Throughout this flow, the adversary uses only unprivileged EOAs and their own deployed contracts, interacting with public entrypoints on protocol-controlled contracts via a whitelisted helper proxy. This matches the ACT adversary model: any unprivileged actor with access to the same on-chain information could reproduce the strategy by deploying a compatible staking service contract and calling the same helper functions.

6. Impact & Losses

The direct on-chain impact of the exploit is a one-time mint of the remaining staking CVG allocation to the adversary-related cluster:

• Token: CVG (Cvg contract at 0x97effb790f2fbb701d88f89db4521348a2b77be8).
• Amount minted in exploit tx: 58,718,395.056818121904518498 CVG.
• Recipients:
  • 52,846,555.551136309714066648 CVG to EOA 0x004c167d27ada24305b76d80762997fa6eb8d9b2.
  • 5,871,839.50568181219045185 CVG to EOA 0xa7b0e924c2dbb9b4f576cce96ac80657e42c3e42.

Because this amount corresponds to the remaining staking allocation under MAX_STAKING, the exploit exhausts the protocol’s staking mint capacity.

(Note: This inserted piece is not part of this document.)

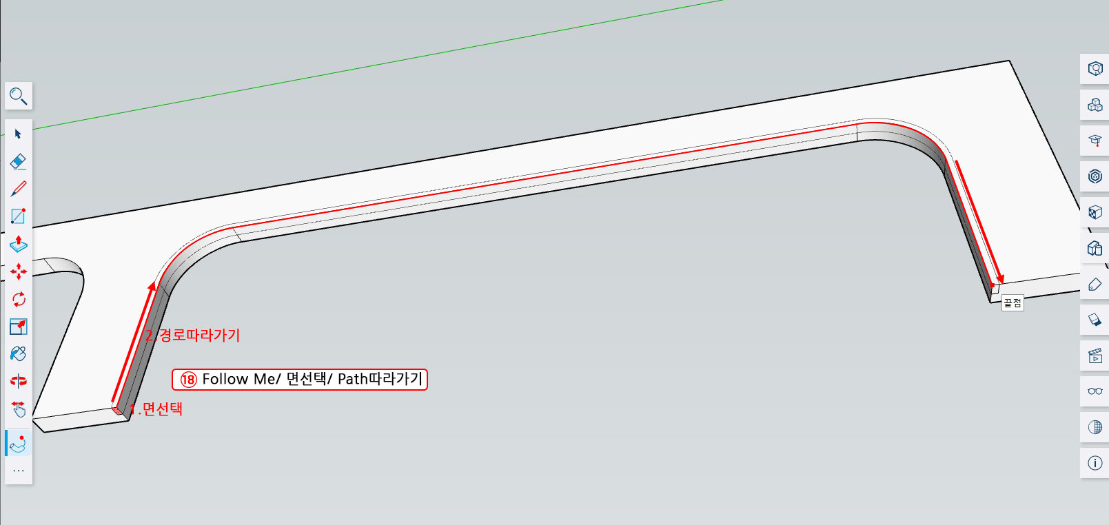 18. Follow Me를 선택하고 간접조명이 될 면을 클릭하고 아치라인을 따라가 준다.

As a result:

• Honest current and future stakers can no longer receive CVG rewards through the intended staking path, since mintStaking is effectively “spent” up to its cap.
• The adversary cluster gains control over a dominant share of the CVG that was supposed to be distributed over time to staking participants, concentrating supply and any associated governance or economic rights in a small set of externally controlled addresses.
• The mint occurs without any offsetting burn or protocol-level compensation; balance diffs confirm a pure net increase in total CVG supply attributable to this single transaction.

This impact is measurable and fully determined by the on-chain state differences and transaction traces around block 20434450.

7. References

• Seed exploit transaction:
  • Ethereum mainnet, chainid 1, tx 0x636be30e58acce0629b2bf975b5c3133840cd7d41ffc3b903720c528f01c65d9 (block 20434450).
  • Trace and metadata: artifacts/root_cause/seed/1/0x636be30e58acce0629b2bf975b5c3133840cd7d41ffc3b903720c528f01c65d9/trace.cast.log, metadata.json.
• Token and control-tower contracts:
  • CVG token Cvg: source under artifacts/root_cause/seed/1/0x97effb790f2fbb701d88f89db4521348a2b77be8/src/Token/Cvg.sol.
  • CvgControlTowerV2 implementation: verified source under artifacts/root_cause/data_collector/iter_2/contract/1/0xbdbddc4bf67e9bc02706e4ce53bc14d6ce3038f1/source/.
  • Staking/bond mapping snapshot: artifacts/root_cause/data_collector/iter_2/derived/cvg_control_tower_staking_bond_state.json.
• Helper and distributor contracts:
  • Helper proxy: 0x2b083beaac310cc5e190b1d2507038ccb03e7606.
  • Implementation (CvxRewardDistributor): 0x47c69e8c909ce626af73c955a5e34a20b7c71f19 with source under artifacts/root_cause/data_collector/iter_3/contract/1/0x47c69e8c909ce626af73c955a5e34a20b7c71f19/source/.
  • Key function: claimMultipleStaking and _withdrawRewards in src/Staking/Convex/CvxRewardDistributor.sol.
• Adversary-related addresses:
  • Attacker EOA: 0x03560a9d7a2c391fb1a087c33650037ae30de3aa.
  • Orchestrator contract: 0xee45384d4861b6fb422dfa03fbdcc6e29d7beb69 (created in the exploit tx).
  • CVG recipient EOAs: 0x004c167d27ada24305b76d80762997fa6eb8d9b2 and 0xa7b0e924c2dbb9b4f576cce96ac80657e42c3e42.
• Balance and transfer evidence:
  • ERC-20 balance diffs for the seed tx: artifacts/root_cause/seed/1/0x636be30e58acce0629b2bf975b5c3133840cd7d41ffc3b903720c528f01c65d9/balance_diff.json.
  • ERC-20 tokentx histories for CVG and Curve LP tokens involving adversary-related addresses: artifacts/root_cause/data_collector/iter_2/address/ and artifacts/root_cause/data_collector/iter_3/address/.
• Additional explorer/RPC context:
  • Contract verification and ABI metadata obtained via Etherscan v2 and QuickNode RPC, as summarized in artifacts/root_cause/data_collector/data_collection_summary.json.